He had a busy military career but in spite of his hectic life, he managed to find time for his leisurely pursuits which included traveling and hunting. In 1893, he traveled to several places all over the world covering New Hebrides, Solomon Islands, New Guinea, Sarawak, Hong Kong and China. He was a passionate trophy hunter who reportedly kept track of around 300,000 game kills. He also loved collecting antiques.
Franz’s life changed dramatically when his father died of typhoid fever in 1896. Now he became the new heir to the empire, the one who would succeed the throne after the death of the elderly king, his uncle, Franz Joseph.
Even though he had never received any formal staff training, he was considered eligible for command and led the primarily Hungarian 9th Hussar Regiment at one point. He was given a commission to enquire into the affairs of the military services and authorized to access the papers of the military agencies.
Being the heir presumptive, he was appointed Inspector General of all the armed forces of Austria-Hungary in 1913.
In 1914, he received an invitation from General Oskar Potiorek, Governor of the Austrian provinces of Bosnia-Herzegovina, to visit Sarajevo and watch his troops on maneuvers.
Franz Ferdinand knew this trip was dangerous, yet he took along his wife and went to Sarajevo where while riding in the motorcade through the streets, he and his wife were shot and killed.
His assassination led to Austria-Hungary's declaration of war against Serbia, which in turn caused the Central Powers and Serbia’s allies to declare war on each other. All these events finally culminated in the beginning of the First World War.
Personal Life & Legacy
He met Countess Sophie Chotek at a ball in Prague in 1894, and fell in love with her. But since Sophie was not a member of any reigning or formerly reigning dynasties of Europe, Franz’s uncle, the Emperor Franz Joseph of Austria forbade him from marrying her.
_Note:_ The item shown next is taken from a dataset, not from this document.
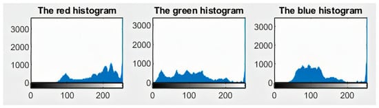 Histograms representing intensity distributions are created following the color decomposition phase for each color channel. As seen in the preceding image (Figure 2), each color channel’s distribution is represented by one of the three histograms in Figure 3. In the R histogram, the R’s intensity values are indicated on the X-axis, with a scale from 0 to 255 being used. The frequency of each intensity is reflected on the Y-axis. The same axes are displayed in the G and B histograms measuring data related to G and B.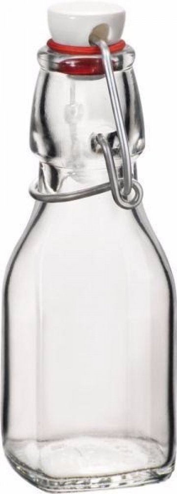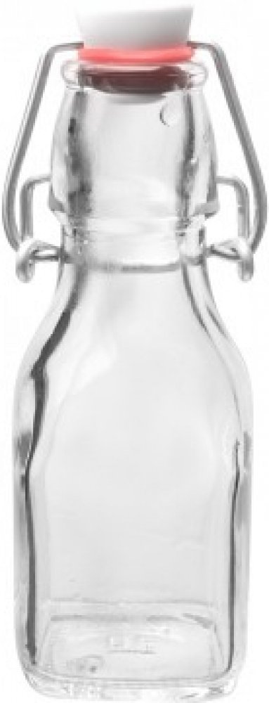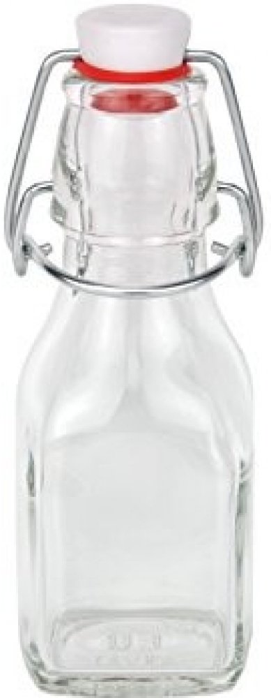Tato malá hranatá skleněná láhev poslouží k uchování a podávání domácího sirupu, bylinné tinktury, ovocné pálenky nebo medoviny. Její objem je 150 ml a má praktický uzávěr na klip se silikonovým těsněním.

Franz Ferdinand was deeply in love with Sophie and made it clear that he would not marry anyone else. The emperor finally permitted him to marry her after the Pope Leo XIII, Tsar Nicholas II of Russia, and the German Emperor Wilhelm II all argued with the emperor in support of the young couple.
He married Sophie on 1 July 1900. The emperor and several of his other family members did not attend the wedding. His wife was never accorded the high status, which the other women of the royal family enjoyed, and the emperor enforced the condition that no descendants of Franz and his new wife would succeed to the throne.
The emperor’s dissent, however, did not deter the couple who went on to have a happy marriage which produced three children.
He and his wife were on a trip to Sarajevo, when on 28 June 1914, Gavrilo Princip, a member of Young Bosnia and one of a group of assassins organized and armed by the Black Hand, shot and killed the couple. This event led to a chain of events that eventually triggered World War I.